- Opening Delimiter -
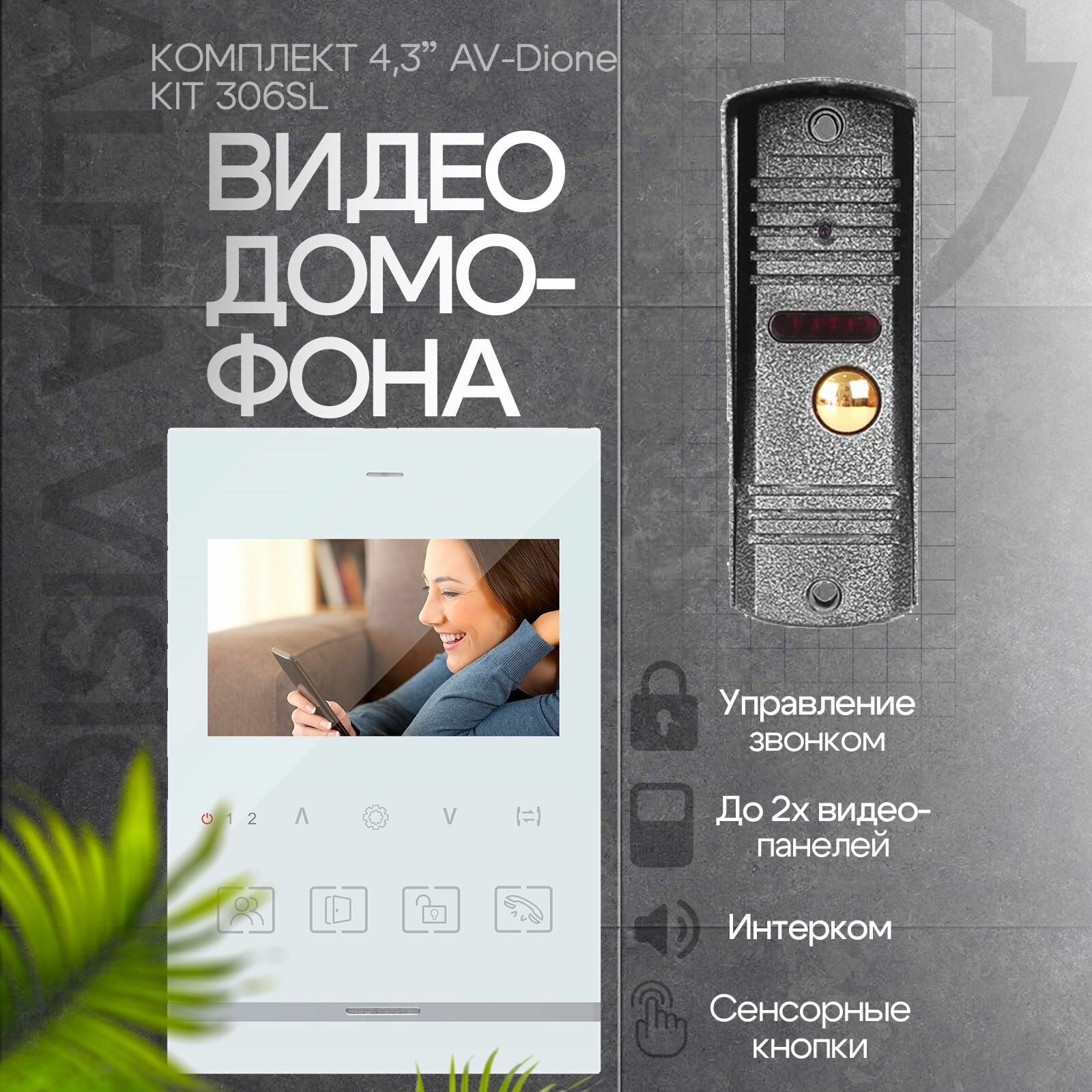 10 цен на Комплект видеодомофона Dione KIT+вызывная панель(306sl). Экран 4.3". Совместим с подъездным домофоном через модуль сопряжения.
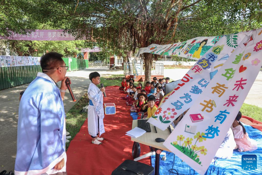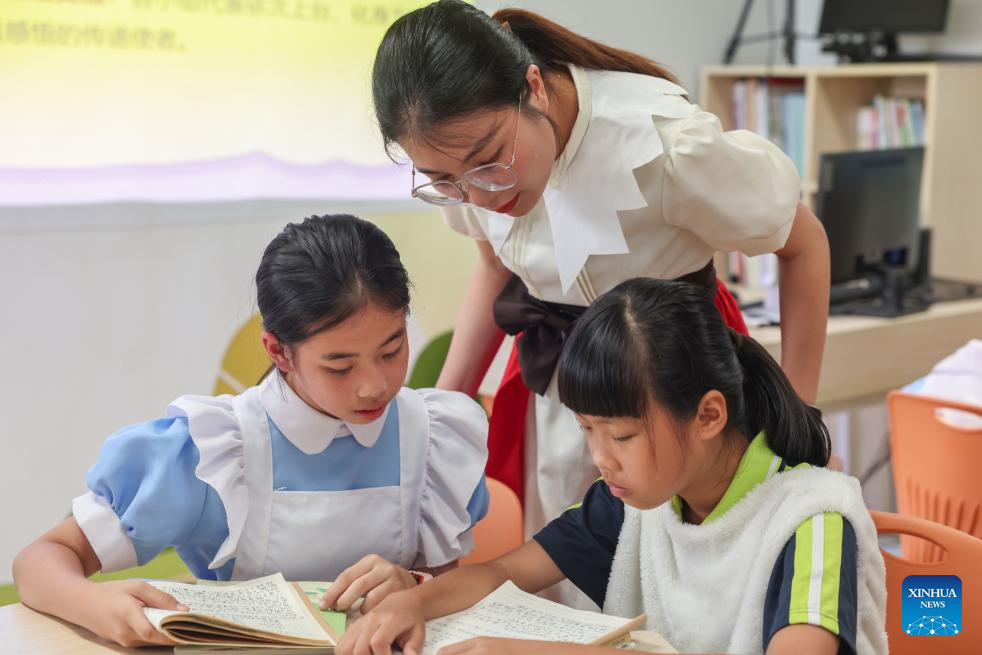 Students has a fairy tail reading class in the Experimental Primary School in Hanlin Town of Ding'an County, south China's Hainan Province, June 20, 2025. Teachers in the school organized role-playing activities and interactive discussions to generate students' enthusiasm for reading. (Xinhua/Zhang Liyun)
- Closing Delimiter -
- Opening Delimiter -
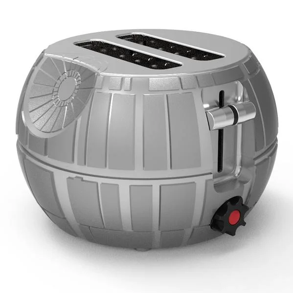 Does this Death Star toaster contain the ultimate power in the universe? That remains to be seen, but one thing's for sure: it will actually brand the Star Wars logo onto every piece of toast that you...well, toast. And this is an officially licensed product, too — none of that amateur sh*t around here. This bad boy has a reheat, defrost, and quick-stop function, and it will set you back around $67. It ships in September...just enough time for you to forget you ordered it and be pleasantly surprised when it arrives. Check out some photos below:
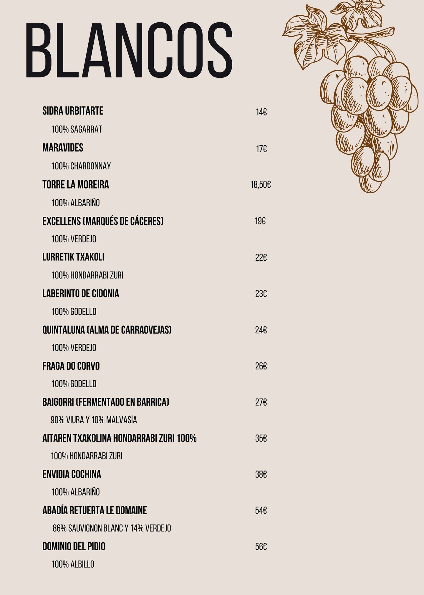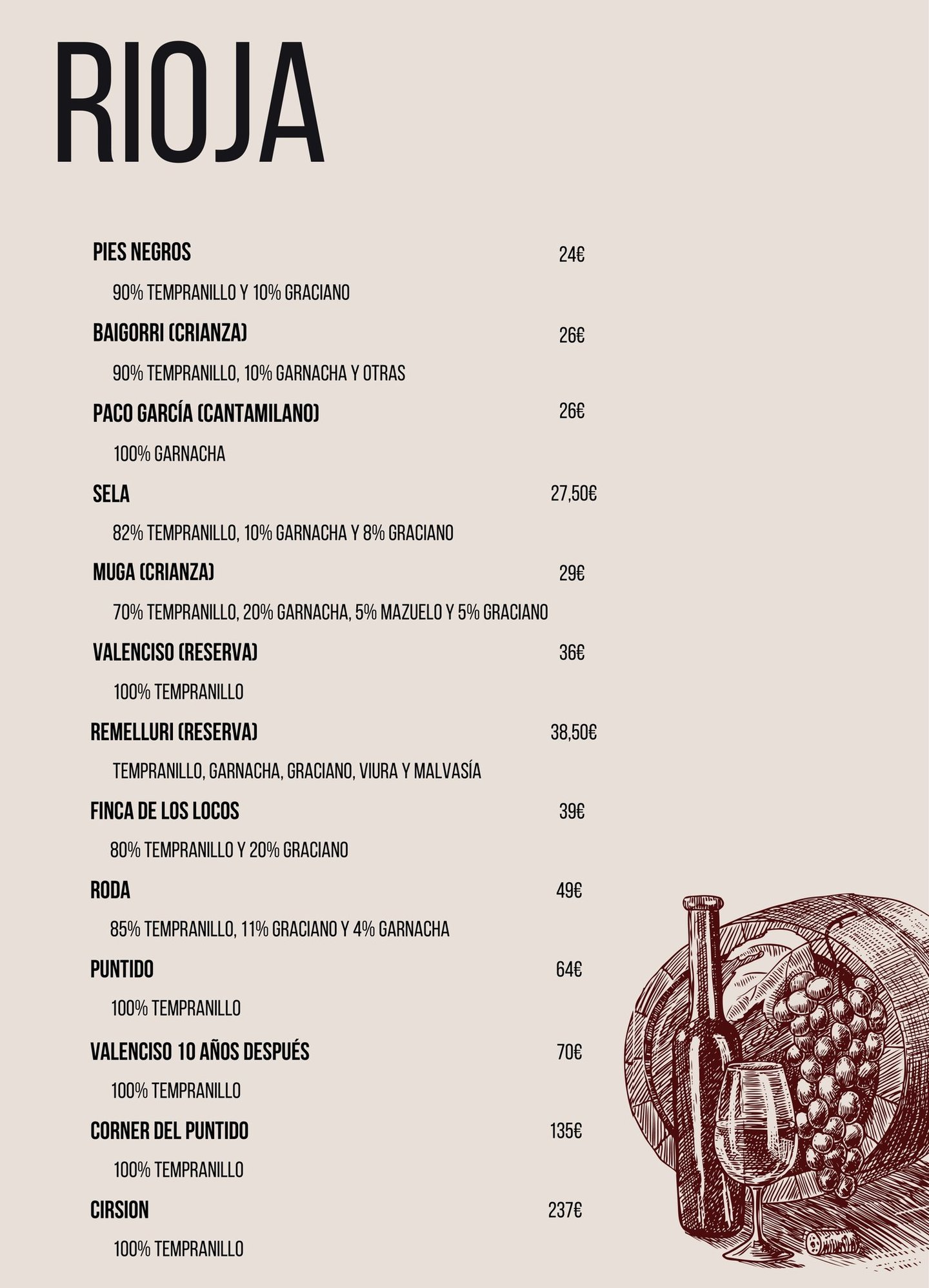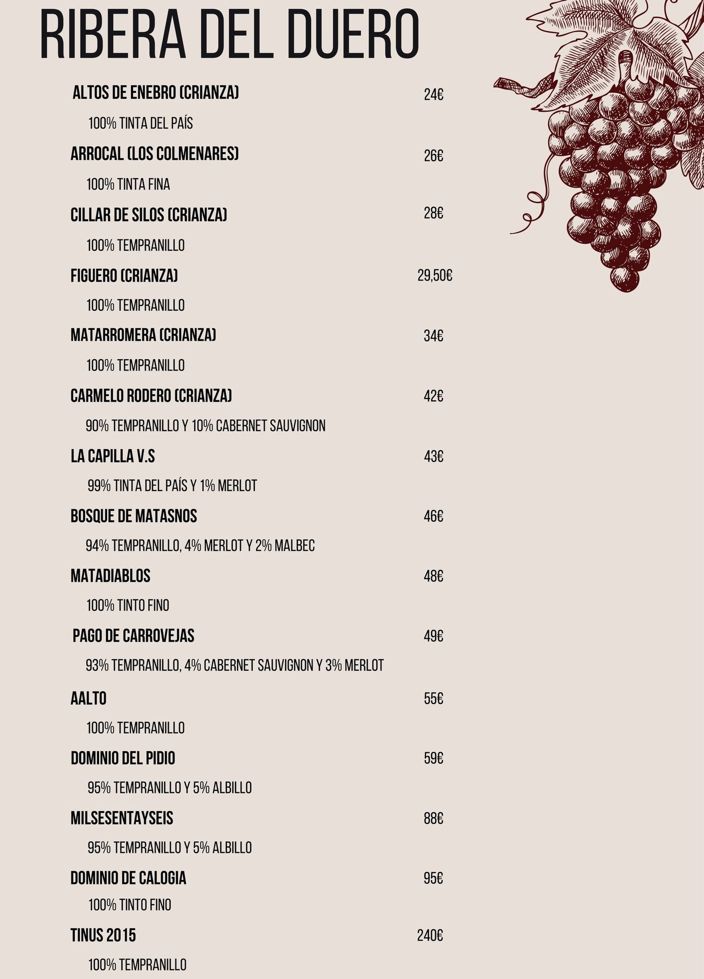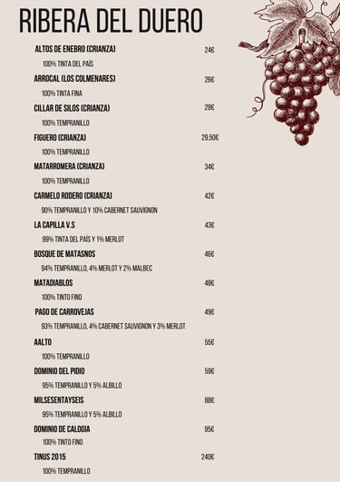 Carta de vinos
- Closing Delimiter -
- Opening Delimiter -
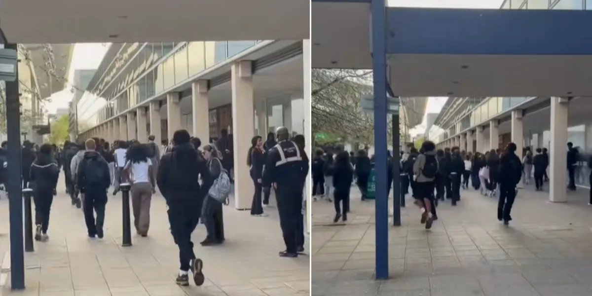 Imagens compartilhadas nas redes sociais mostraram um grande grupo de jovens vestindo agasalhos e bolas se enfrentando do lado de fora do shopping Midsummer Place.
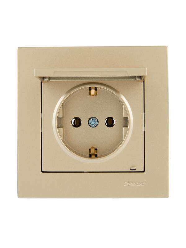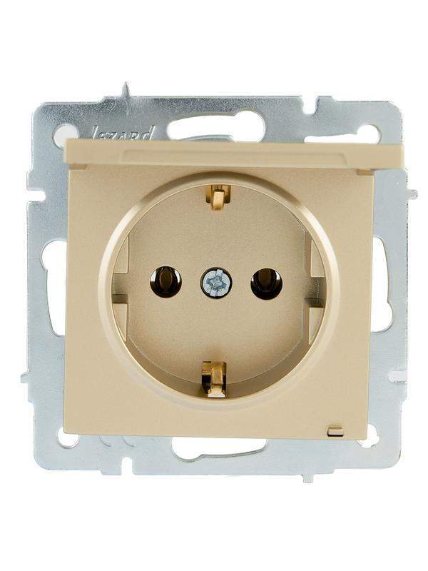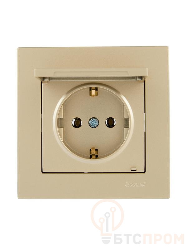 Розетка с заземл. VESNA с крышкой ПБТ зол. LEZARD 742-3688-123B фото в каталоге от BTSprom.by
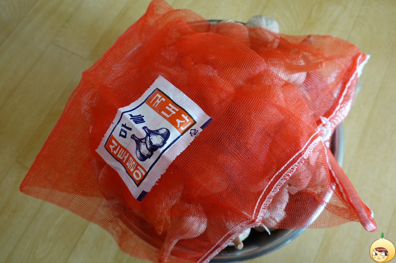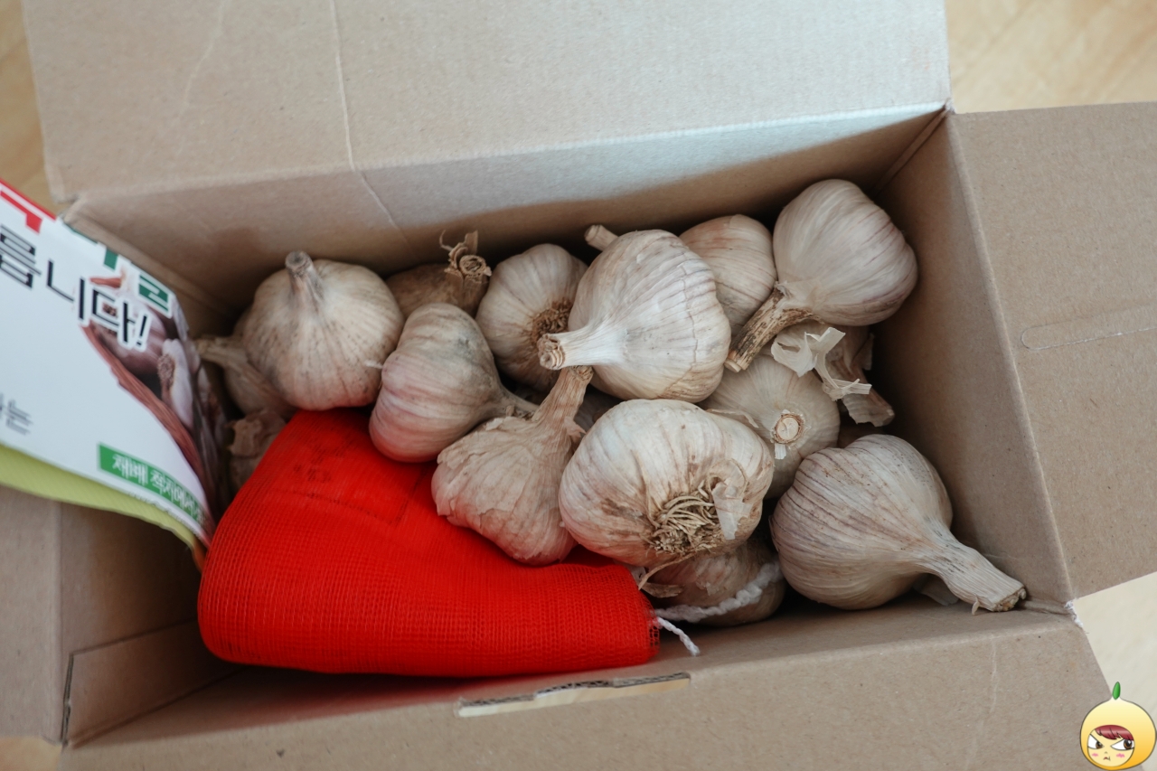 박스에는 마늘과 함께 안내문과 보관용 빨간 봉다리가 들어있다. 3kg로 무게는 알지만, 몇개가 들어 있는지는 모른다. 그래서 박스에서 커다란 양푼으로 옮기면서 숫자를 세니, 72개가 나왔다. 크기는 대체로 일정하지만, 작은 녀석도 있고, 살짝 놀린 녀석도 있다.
- Closing Delimiter -
» **ABOUT THIS EXERCISE**:
Copy only this from above: the line containing "10 цен на Комплект", the line containing "Students has a", and all lines between, printed exactly. Leave out the pictures.

» **PROBLEM SOLUTION**:
 10 цен на Комплект видеодомофона Dione KIT+вызывная панель(306sl). Экран 4.3". Совместим с подъездным домофоном через модуль сопряжения.
 Students has a fairy tail reading class in the Experimental Primary School in Hanlin Town of Ding'an County, south China's Hainan Province, June 20, 2025. Teachers in the school organized role-playing activities and interactive discussions to generate students' enthusiasm for reading. (Xinhua/Zhang Liyun)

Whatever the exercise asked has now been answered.